Congenital Myasthenic Syndromes in Turkey: Clinical and Molecular Characterization of 16 Cases With Three Novel Mutations


YILDIRIM S., GÜLEÇ A., Erdoğan M., Demir M., CANPOLAT M., GÜMÜŞ H., ...Daha Fazla

Pediatric Neurology, cilt.136, ss.43-49, 2022 (SCI-Expanded) identifier identifier identifier

  • Yayın Türü: Makale / Tam Makale
  • Cilt numarası: 136
  • Basım Tarihi: 2022
  • Doi Numarası: 10.1016/j.pediatrneurol.2022.08.001
  • Dergi Adı: Pediatric Neurology
  • Derginin Tarandığı İndeksler: Science Citation Index Expanded (SCI-EXPANDED), Scopus, Academic Search Premier, CAB Abstracts, CINAHL, EMBASE, MEDLINE, Veterinary Science Database
  • Sayfa Sayıları: ss.43-49
  • Anahtar Kelimeler: Congenital myasthenic syndrome, CHRNE, DOK7, Genetic diagnosis, CHILDHOOD MYASTHENIA, THERAPY, DOK-7
  • Kayseri Üniversitesi Adresli: Hayır

Özet

© 2022 Elsevier Inc.Background: Congenital myasthenic syndromes (CMS) are composed of numerous hereditary disorders involving genetic mutations in proteins essential to the integrity of neuromuscular transmission. The symptoms of CMS vary according to the age at onset of symptoms, and the type and severity of muscle weakness.

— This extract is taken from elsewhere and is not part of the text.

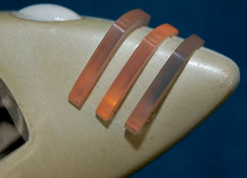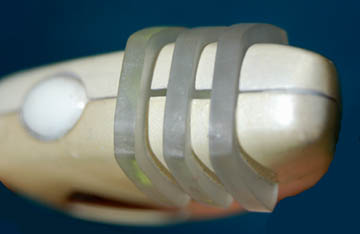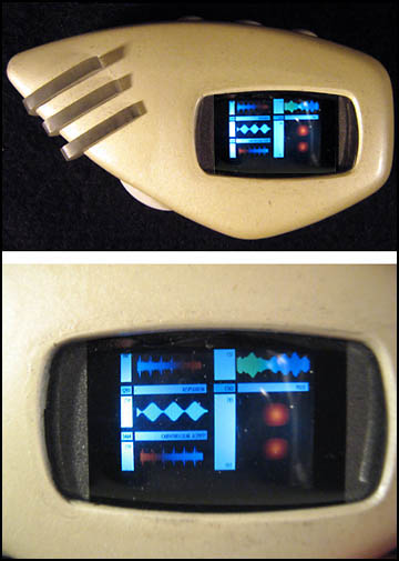 A prop item featured in the Star Trek: Voyager episode “Relativity”; wherein “Seven of Nine” (Jeri Ryan) is recruited, repeatedly, by “Captain Braxton” of the 29th century time ship “Relativity” to go back in time and prevent the destruction of “Voyager”. This item is the scanner that the “Ducane” (Jay Karnes) character waves over “Seven’s” ocular implant to make it disappear so she will not arouse suspicion in her mission; it has an irregularly, vaguely round, off-white, plastic housing featuring three white buttons on the top, a larger, white button on the bottom, and three, thin, clear accents on the front. The first two buttons cause red, orange, green and blue lights to alternate between the thee clear plastic pieces on the front, the big button on the bottom seems to be only for decorative purposes; there is a roughly rectangular “window” on the left side that, when the last button is pressed, lights up a display of different wavelength “scans”. Access to the working electronics is made via three screws on the left side of the item that still features battery power from production use. The item measures approx. 4 X 2 X 1 inches.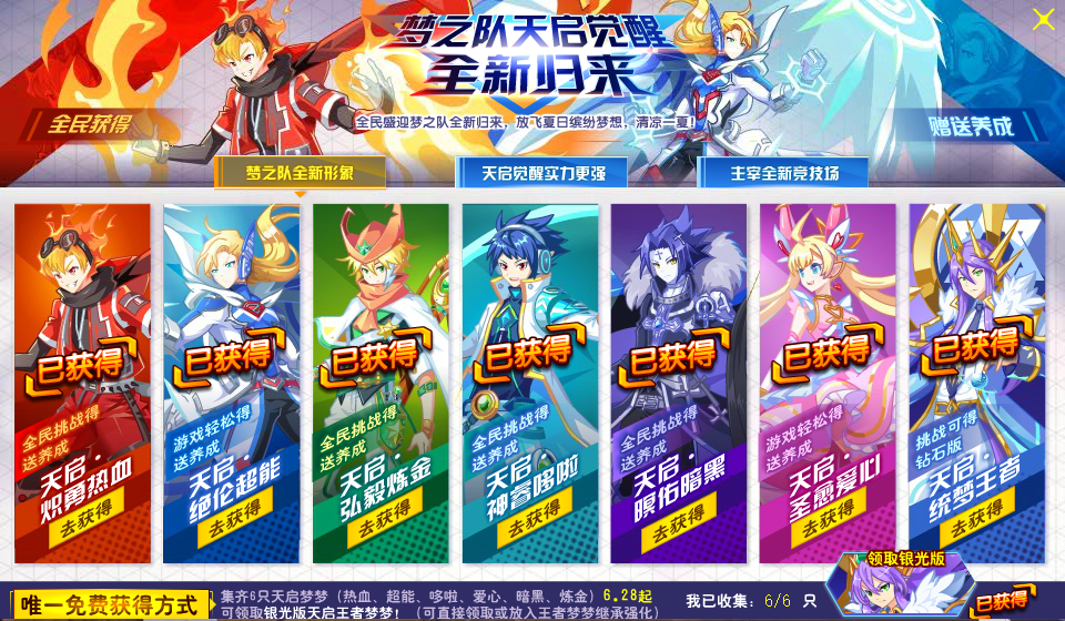 活动:集齐6只天启梦梦可领取银光版天启王者梦梦

Effective treatment and genetic counseling depend upon the underlying pathogenic molecular mechanism and subtype of CMS. Methods: A retrospective and cross-sectional study was performed with 16 patients with a genetically confirmed diagnosis of CMS to share our experience with clinical symptoms, demographic data, genetic variants, and treatments applied. Results: Sixteen patients with a specific CMS genetic diagnosis (three novel mutations) were identified, including CHRNE (n = 7), DOK7 (n = 2), AGRN (n = 2), RAPSN (n = 1), CHRNA1 (n = 1), CHRNB1 (n = 1), CHAT (n = 1), and SCN4A (n = 1). Age at onset of symptoms ranged from the neonatal period to 12 years. Genetic diagnosis was confirmed between the ages of three months and 17 years. A significant delay was determined between the onset of symptoms and genetic diagnosis of the disease. Conclusions: This study highlights the importance of genetic testing in CMS. Due to the rarity of CMS, more cases will be recognized and reported as the use of laboratory and genetic testing accelerates. We hope that our experience will grow and contribute further to the literature as clinical follow-up and treatment increase.